TASK TO COMPLETE> Copy out the data below from the line containing "of the water" to the line containing "PRODUTO PRECISA DE", both lines included, with all images left out.

DATASET RECORDS>
^^^^^^^^^^^^^^^^

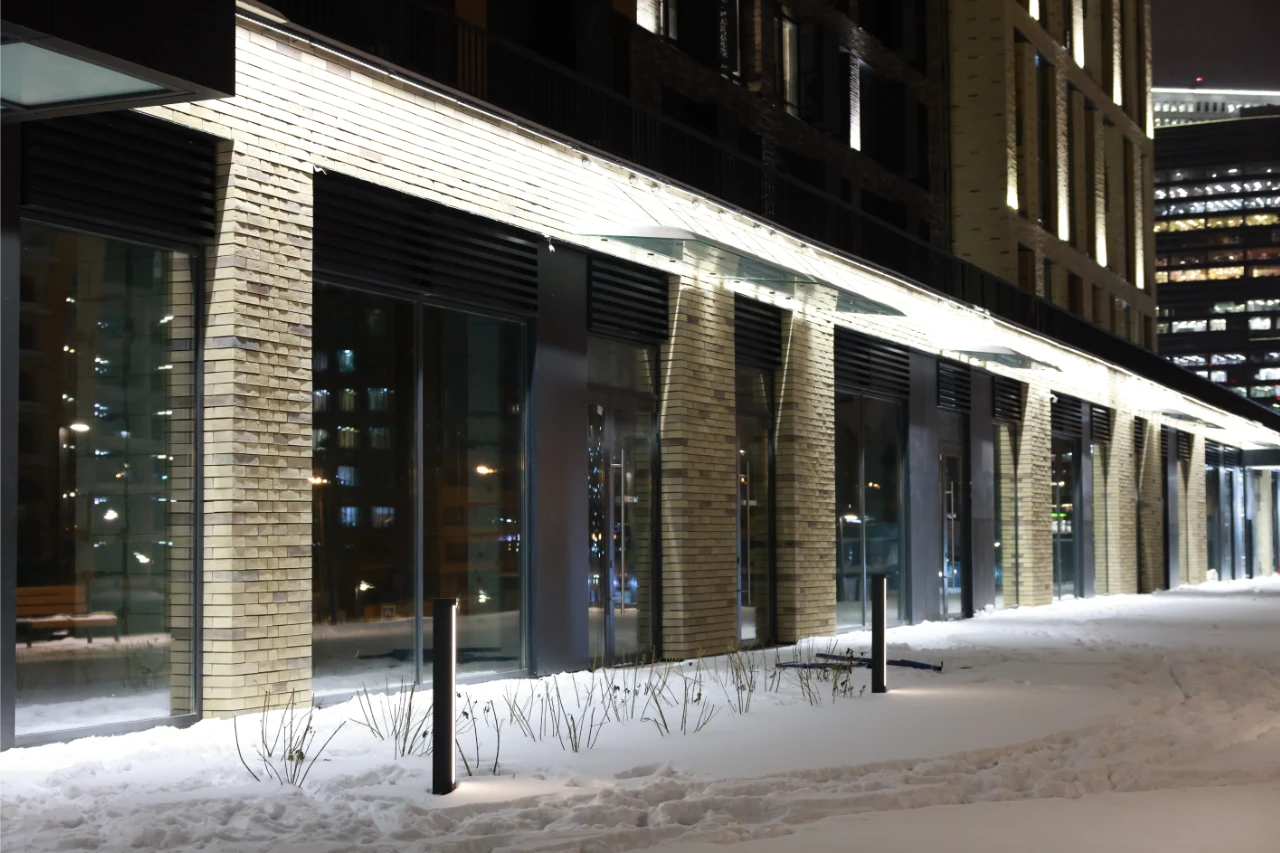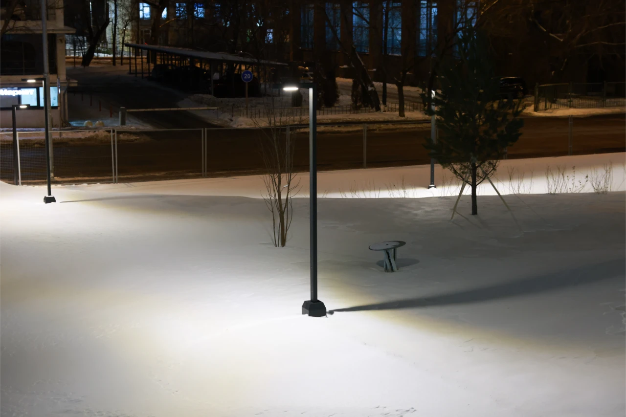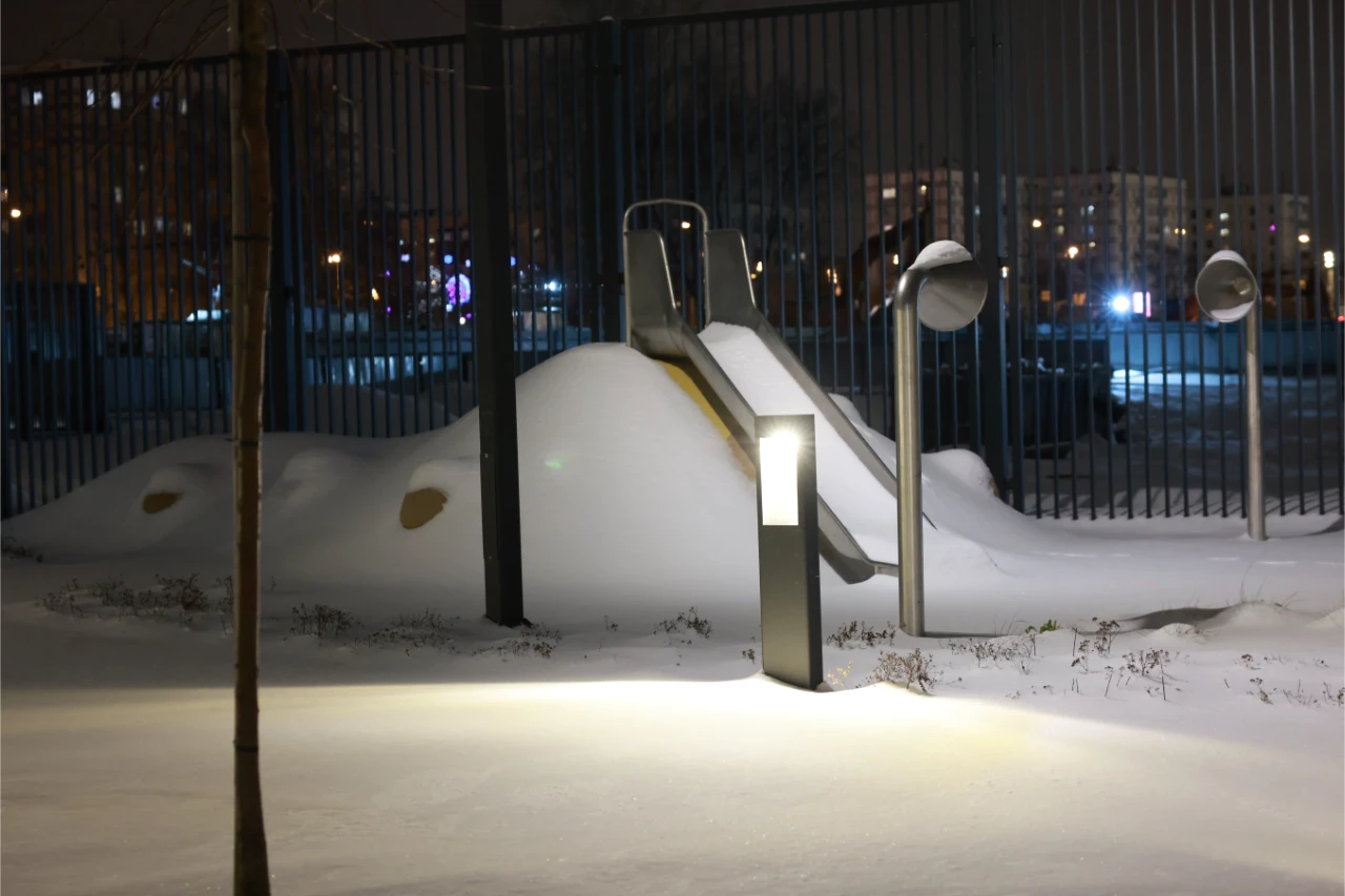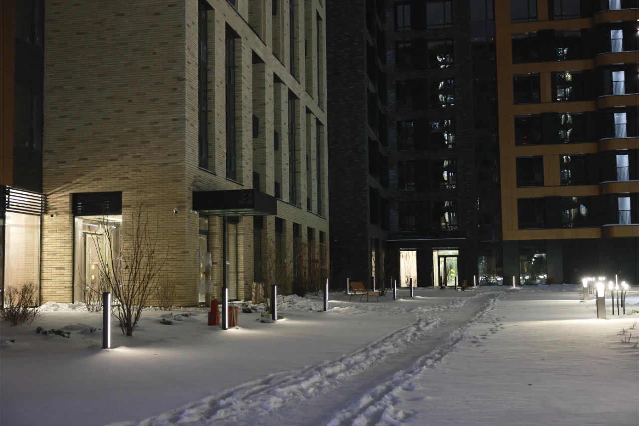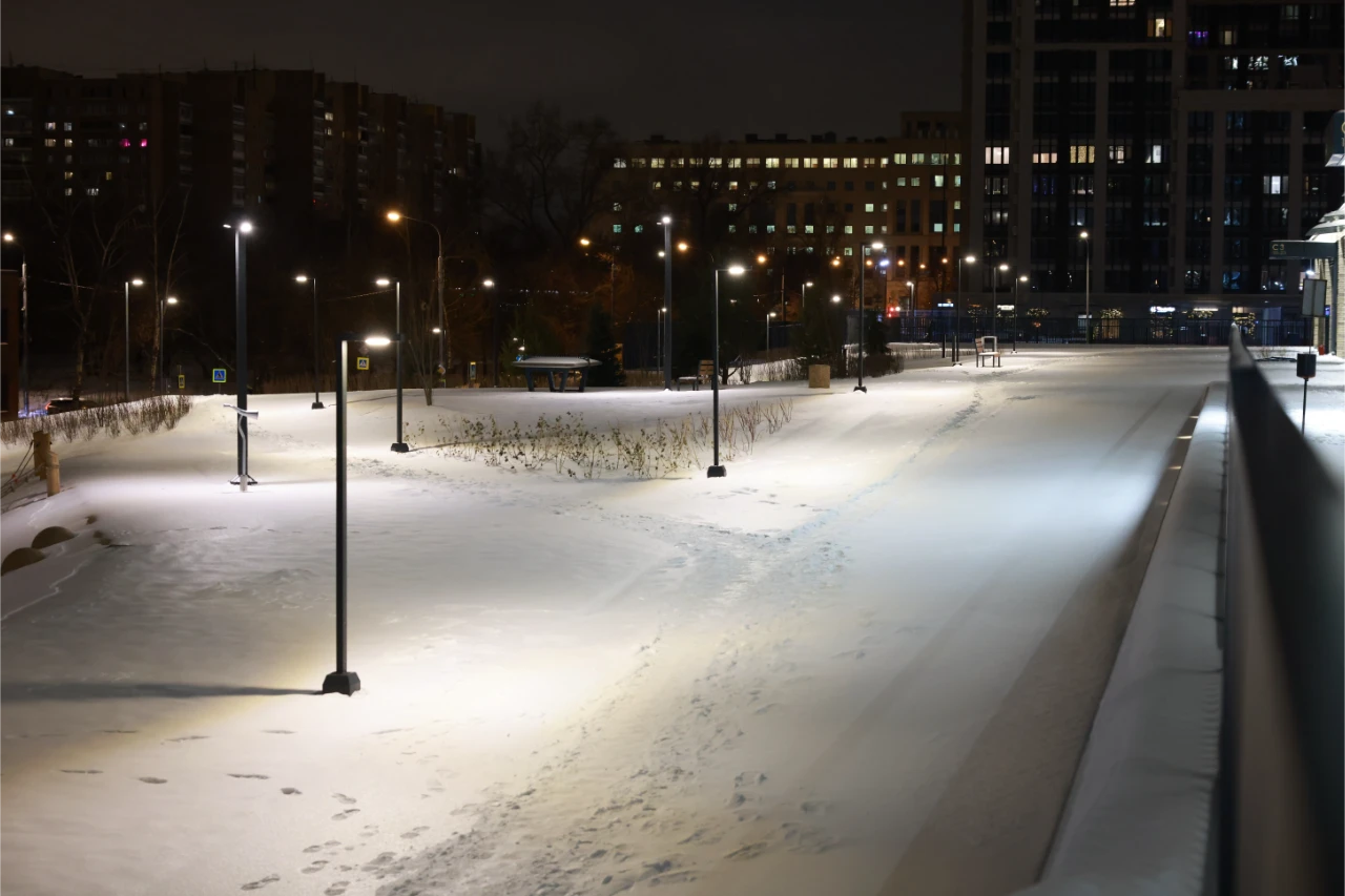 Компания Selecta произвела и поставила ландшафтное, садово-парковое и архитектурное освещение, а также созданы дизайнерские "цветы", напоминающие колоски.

^^^^^^^^^^^^^^^^

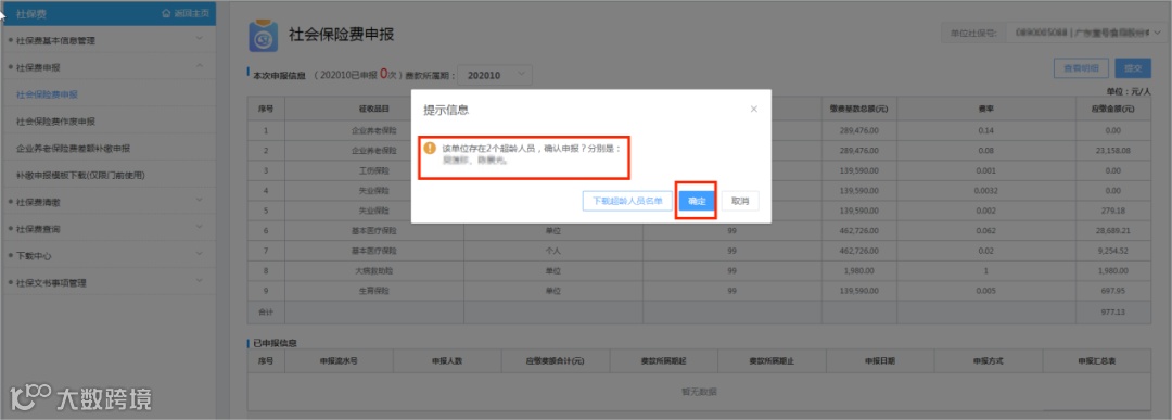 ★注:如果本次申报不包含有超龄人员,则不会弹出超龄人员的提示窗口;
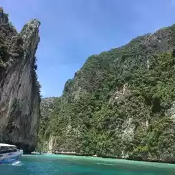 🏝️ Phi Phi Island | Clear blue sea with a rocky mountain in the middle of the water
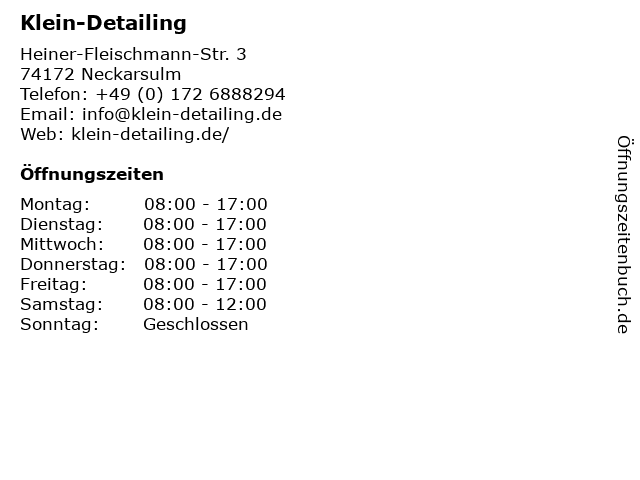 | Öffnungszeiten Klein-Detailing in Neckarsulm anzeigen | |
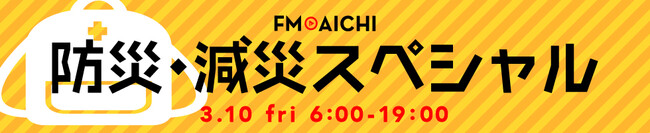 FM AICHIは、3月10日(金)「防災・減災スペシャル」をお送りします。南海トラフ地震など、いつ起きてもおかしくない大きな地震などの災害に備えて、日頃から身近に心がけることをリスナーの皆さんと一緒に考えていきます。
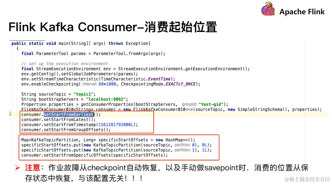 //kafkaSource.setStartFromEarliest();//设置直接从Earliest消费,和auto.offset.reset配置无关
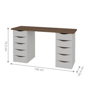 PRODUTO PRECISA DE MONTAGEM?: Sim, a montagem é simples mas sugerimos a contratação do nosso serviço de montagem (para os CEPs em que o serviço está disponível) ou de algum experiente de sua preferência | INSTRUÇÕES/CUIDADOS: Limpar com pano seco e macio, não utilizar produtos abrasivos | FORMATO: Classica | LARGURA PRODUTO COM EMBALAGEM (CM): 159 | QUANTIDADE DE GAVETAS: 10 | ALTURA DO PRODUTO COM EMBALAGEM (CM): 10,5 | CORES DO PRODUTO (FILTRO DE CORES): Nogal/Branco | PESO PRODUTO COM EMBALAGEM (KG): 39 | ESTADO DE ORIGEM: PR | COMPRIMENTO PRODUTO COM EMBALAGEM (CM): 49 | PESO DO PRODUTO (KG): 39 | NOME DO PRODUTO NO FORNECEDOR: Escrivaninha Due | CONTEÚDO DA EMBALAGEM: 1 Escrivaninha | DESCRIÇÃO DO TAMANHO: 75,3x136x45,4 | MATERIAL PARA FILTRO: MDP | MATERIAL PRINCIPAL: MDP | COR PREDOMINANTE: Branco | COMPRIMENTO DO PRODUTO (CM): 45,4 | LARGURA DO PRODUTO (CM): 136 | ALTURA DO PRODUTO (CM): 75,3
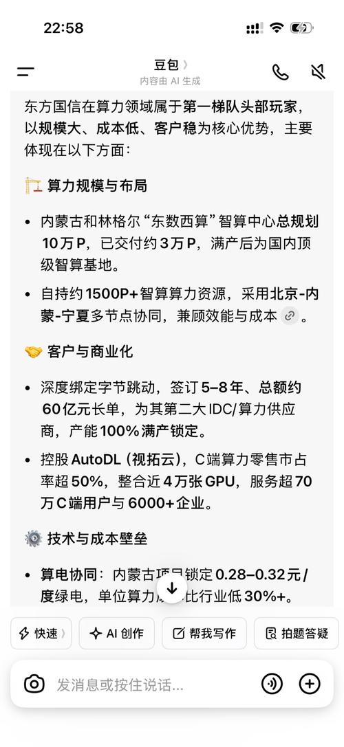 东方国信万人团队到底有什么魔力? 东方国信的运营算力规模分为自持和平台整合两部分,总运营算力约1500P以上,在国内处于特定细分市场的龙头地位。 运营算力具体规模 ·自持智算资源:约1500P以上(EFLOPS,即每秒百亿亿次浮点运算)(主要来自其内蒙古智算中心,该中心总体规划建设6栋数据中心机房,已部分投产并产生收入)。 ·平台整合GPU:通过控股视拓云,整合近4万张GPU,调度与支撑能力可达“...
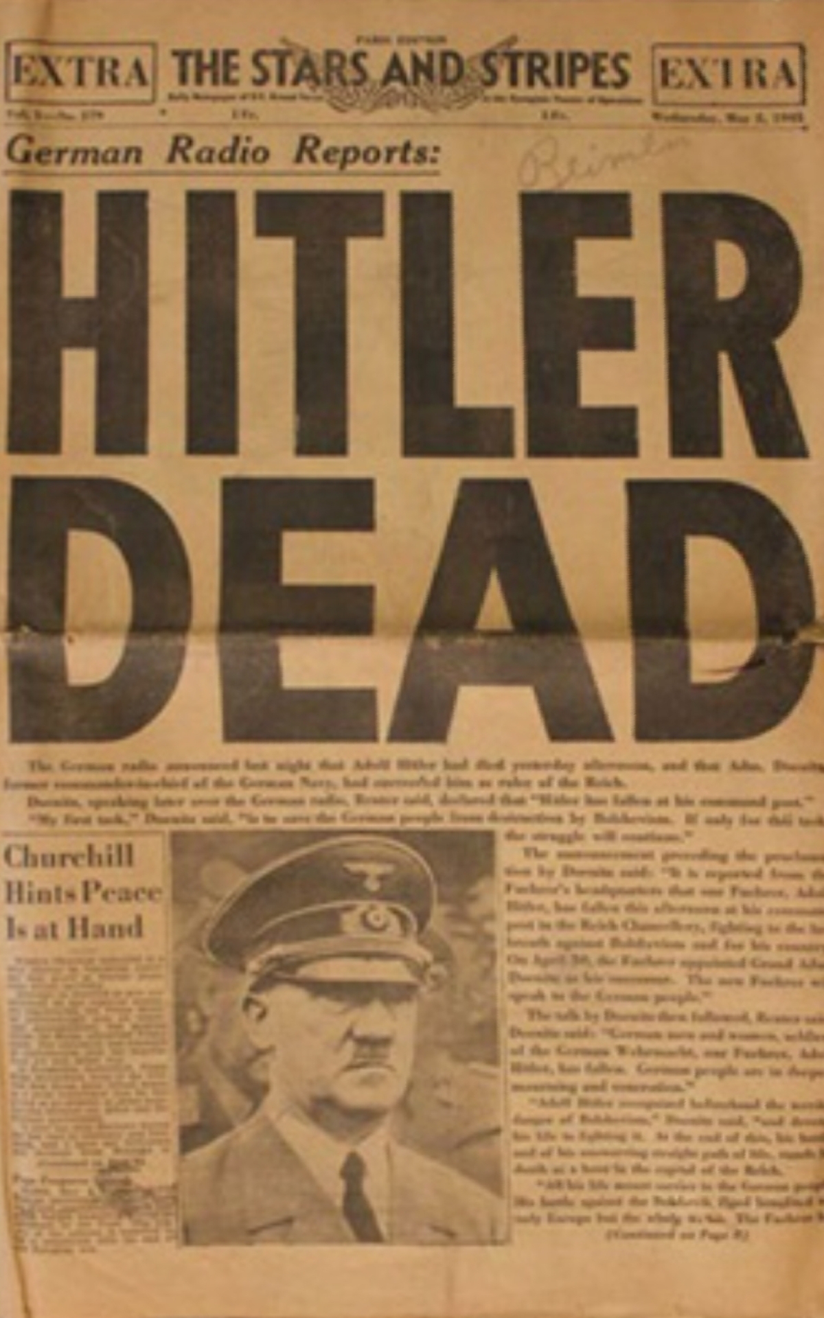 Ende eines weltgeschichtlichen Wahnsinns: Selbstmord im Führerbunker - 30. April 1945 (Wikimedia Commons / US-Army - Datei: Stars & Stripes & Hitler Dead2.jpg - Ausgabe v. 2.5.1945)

^^^^^^^^^^^^^^^^

RESULT OF THE EXERCISE>
 🏝️ Phi Phi Island | Clear blue sea with a rocky mountain in the middle of the water
 | Öffnungszeiten Klein-Detailing in Neckarsulm anzeigen | |
 FM AICHIは、3月10日(金)「防災・減災スペシャル」をお送りします。南海トラフ地震など、いつ起きてもおかしくない大きな地震などの災害に備えて、日頃から身近に心がけることをリスナーの皆さんと一緒に考えていきます。
 //kafkaSource.setStartFromEarliest();//设置直接从Earliest消费,和auto.offset.reset配置无关
 PRODUTO PRECISA DE MONTAGEM?: Sim, a montagem é simples mas sugerimos a contratação do nosso serviço de montagem (para os CEPs em que o serviço está disponível) ou de algum experiente de sua preferência | INSTRUÇÕES/CUIDADOS: Limpar com pano seco e macio, não utilizar produtos abrasivos | FORMATO: Classica | LARGURA PRODUTO COM EMBALAGEM (CM): 159 | QUANTIDADE DE GAVETAS: 10 | ALTURA DO PRODUTO COM EMBALAGEM (CM): 10,5 | CORES DO PRODUTO (FILTRO DE CORES): Nogal/Branco | PESO PRODUTO COM EMBALAGEM (KG): 39 | ESTADO DE ORIGEM: PR | COMPRIMENTO PRODUTO COM EMBALAGEM (CM): 49 | PESO DO PRODUTO (KG): 39 | NOME DO PRODUTO NO FORNECEDOR: Escrivaninha Due | CONTEÚDO DA EMBALAGEM: 1 Escrivaninha | DESCRIÇÃO DO TAMANHO: 75,3x136x45,4 | MATERIAL PARA FILTRO: MDP | MATERIAL PRINCIPAL: MDP | COR PREDOMINANTE: Branco | COMPRIMENTO DO PRODUTO (CM): 45,4 | LARGURA DO PRODUTO (CM): 136 | ALTURA DO PRODUTO (CM): 75,3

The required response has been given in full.